Did you skip kindergarten or something? Because it's nice to share.

But this is sharing.

If he sits on the money, nobody gets access to it. If he builds a ludicrous home, there's an enormous amount of money spent on materials and labor. Then once it's built, there will be a fortune spent furnishing and decorating it, all of which goes to the general populace. After that, the whole thing will be serviced by a fleet of maintenance people, and various household servants, all of whom will get some of his wealth because of his decision.

The billion dollars did not disappear when he spent it, it went into the economy, where it can (in fact) help those who are less well off. And those people will likely spend some on their personal "luxuries" which will again be provided by somebody, giving yet more jobs.

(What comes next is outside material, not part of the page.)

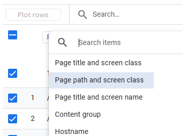 - Change Primary Dimension to Page path and screen class

If a ludicrously rich person ever moves into my town, it's my sincere hope that they will want to build a billion dollar residence, something that will put Hearst castle to shame. Why? Because I'd love a chance to bid on some of the work, to try to catch some of the dollars that are falling from the fellow's pockets.
posted by Project F at 10:05 PM on May 3, 2008 [2 favorites]


I want high technology, I want solar power plants, I want cheap fusion and cheap, sustainable energy

Cheap sustainable energy isn't exactly a pipe dream. I pay a whopping 2.5¢/KwH extra to buy wind power. I'd call that cheap, and wind power is fairly sustainable.

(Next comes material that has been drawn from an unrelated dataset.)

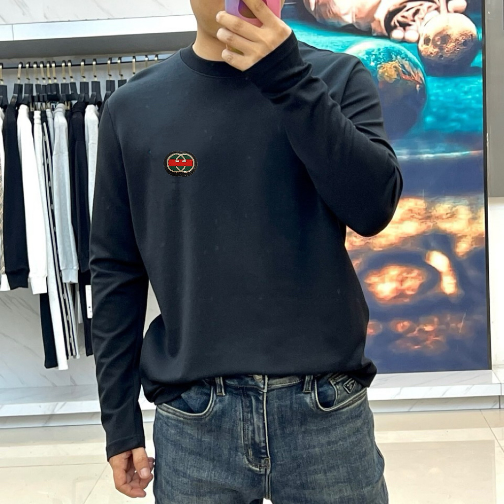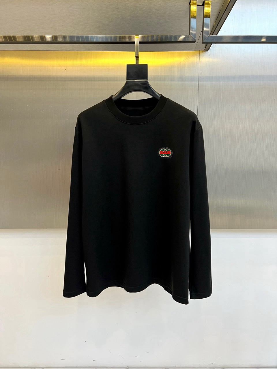 Gucci 2025 Fall/Winter Long Sleeve T-Shirt. 100% premium cotton, 280g fabric. Soft, breathable, wrinkle-resistant. Original logo. Minimalist design for casual or business wear.

As for most of the rest of your list, I also want ponies.
posted by Project F at 10:09 PM on May 3, 2008


Let us not forget the gospel of Supply-Side Jesus.
posted by Pope Guilty at 10:16 PM on May 3, 2008 [2 favorites]

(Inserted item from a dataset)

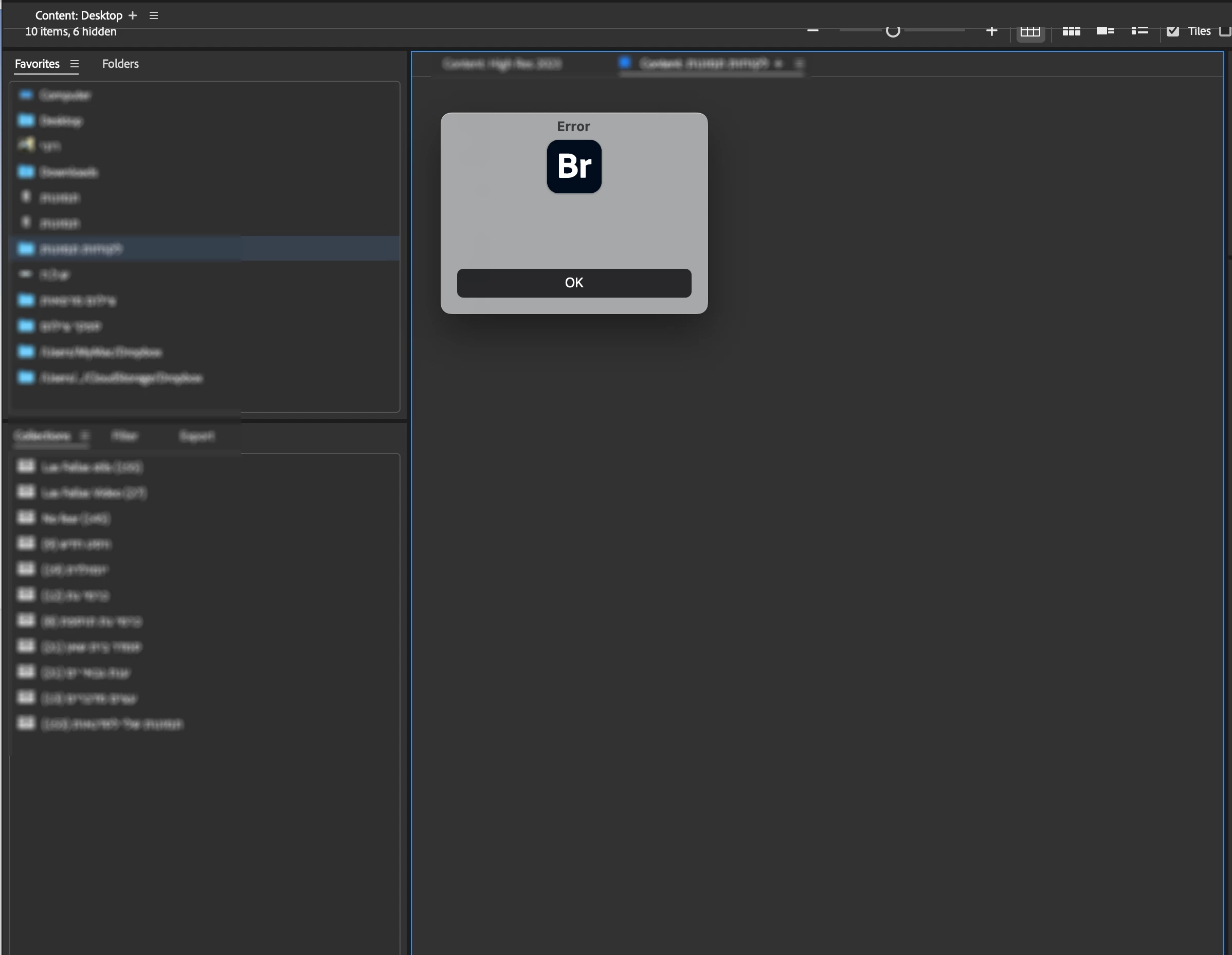 So, Bridge 2024 updaed today to v14.1.1 and it's now giving me the blank error message and crashing.  Using a 2017 27" iMac runnin g Ventura 13.5.  I've set the Files and Folders preference and granted persmission for access to all folders, and set All Disc Access for Bridge to on, but it keeps reverting to off.  Restarted the computer a couple of time and nothing changes.  Pretty P.O.'d that an update would shut me down.  Anyone with any other suggestions?  Thanks...   Dave

I'd love a chance to bid on some of the work, to try to catch some of the dollars that are falling from the fellow's pockets.

No, no. It's not supposed to work like that. He's supposed to fore go spending his money and instead give it to the poor and hungry, who aren't supposed to do anything except exist in order to receive it. Work? Pfft. This is the age of entitlement.
posted by Dave Faris at 10:17 PM on May 3, 2008


This made me laugh. 10,000 years? Really? What conceivable reason is there for trying to plan that far out? It's hard enough to make predictions 20 years out. A 10,000 year plan strikes me as self-indulgent.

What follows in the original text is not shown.